■ **Data below**
_ _ _ _ _ _ _

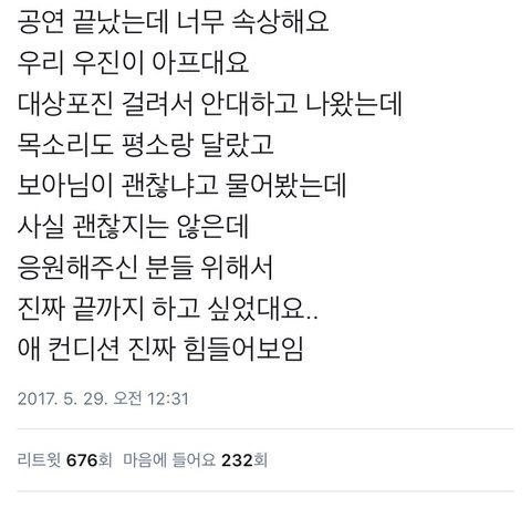 그 아픈거 다참고 무대하는거보고 진짜 얼마나 간절한지 알겟더라 전부터 느끼고잇엇지만
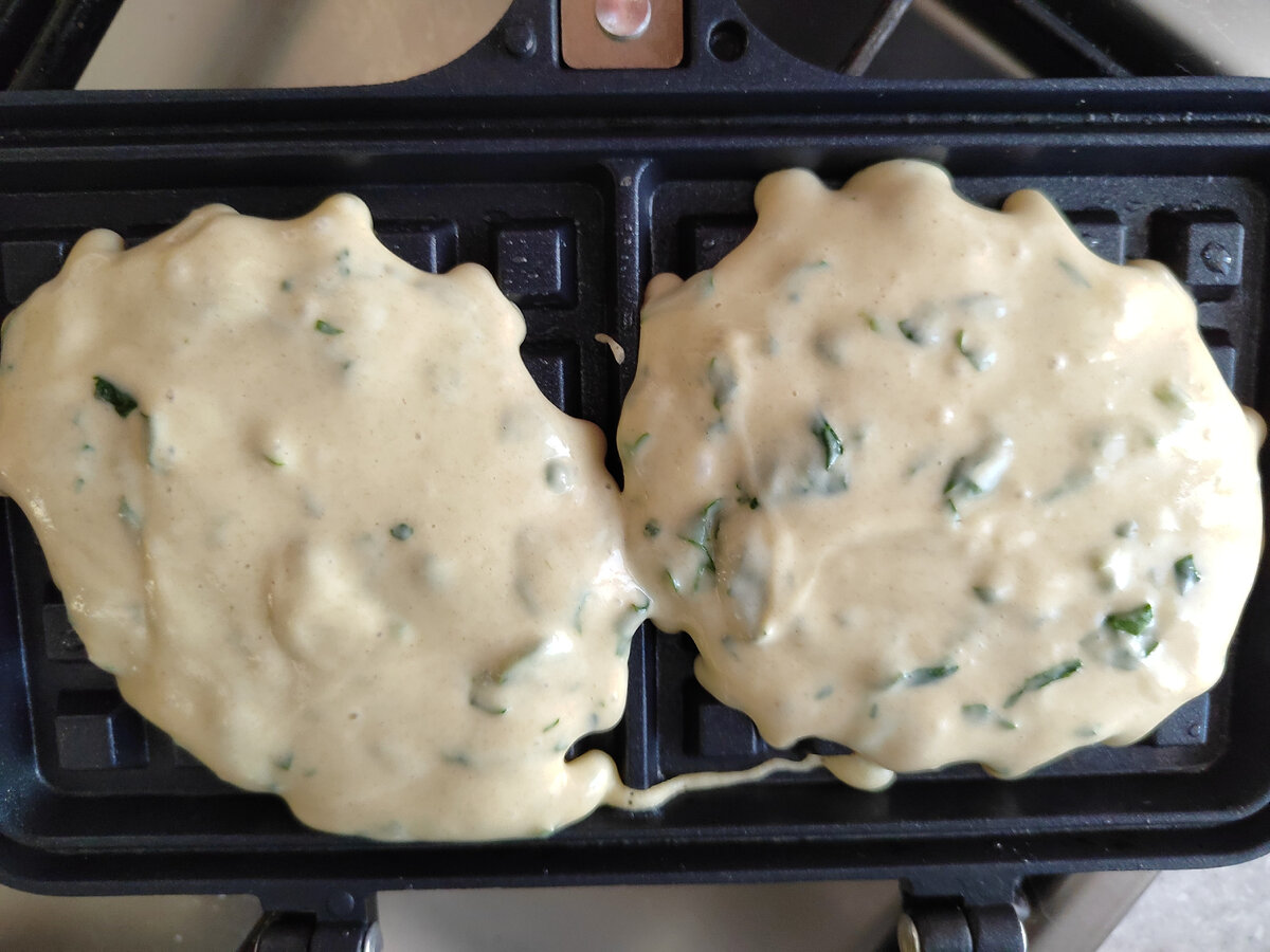 Эти вафли я готовила на зеленой гречке, а чтоб "усилить зеленое" 😁, добавила в тесто 10 гр свежего нарезанного шпината. Думаю, что если использовать замороженный шпинат или пробить смесь блендером, они будут вообще зеленого цвета. Рецепт: 100 гр муки зеленой гречки 2 яйца 1 пачка мягкого 5% творога 170 гр Простоквашино 1 ст.ложка оливк.масла 10 гр свежего шпината. 0.5 ч.л. разрыхлителя Соль Калорийность всего теста 771 ккал, стоимость 144 руб. Выход 7 вафель, 1 вафля 110 ккал, 21 рубль.
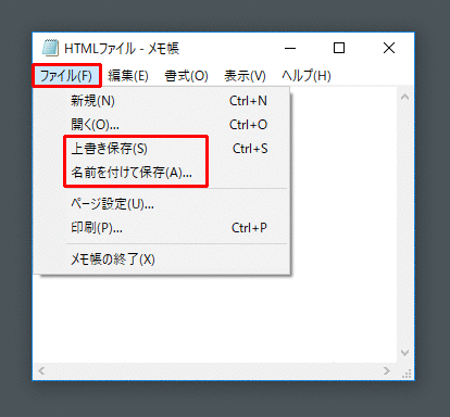 メモ帳でファイルを保存する方法です。

_ _ _ _ _ _ _

■ **Your assignment**
Pictures do not belong in the copy; repeat the rest of the listing exactly.

■ **Written response**
 그 아픈거 다참고 무대하는거보고 진짜 얼마나 간절한지 알겟더라 전부터 느끼고잇엇지만
 Эти вафли я готовила на зеленой гречке, а чтоб "усилить зеленое" 😁, добавила в тесто 10 гр свежего нарезанного шпината. Думаю, что если использовать замороженный шпинат или пробить смесь блендером, они будут вообще зеленого цвета. Рецепт: 100 гр муки зеленой гречки 2 яйца 1 пачка мягкого 5% творога 170 гр Простоквашино 1 ст.ложка оливк.масла 10 гр свежего шпината. 0.5 ч.л. разрыхлителя Соль Калорийность всего теста 771 ккал, стоимость 144 руб. Выход 7 вафель, 1 вафля 110 ккал, 21 рубль.
 メモ帳でファイルを保存する方法です。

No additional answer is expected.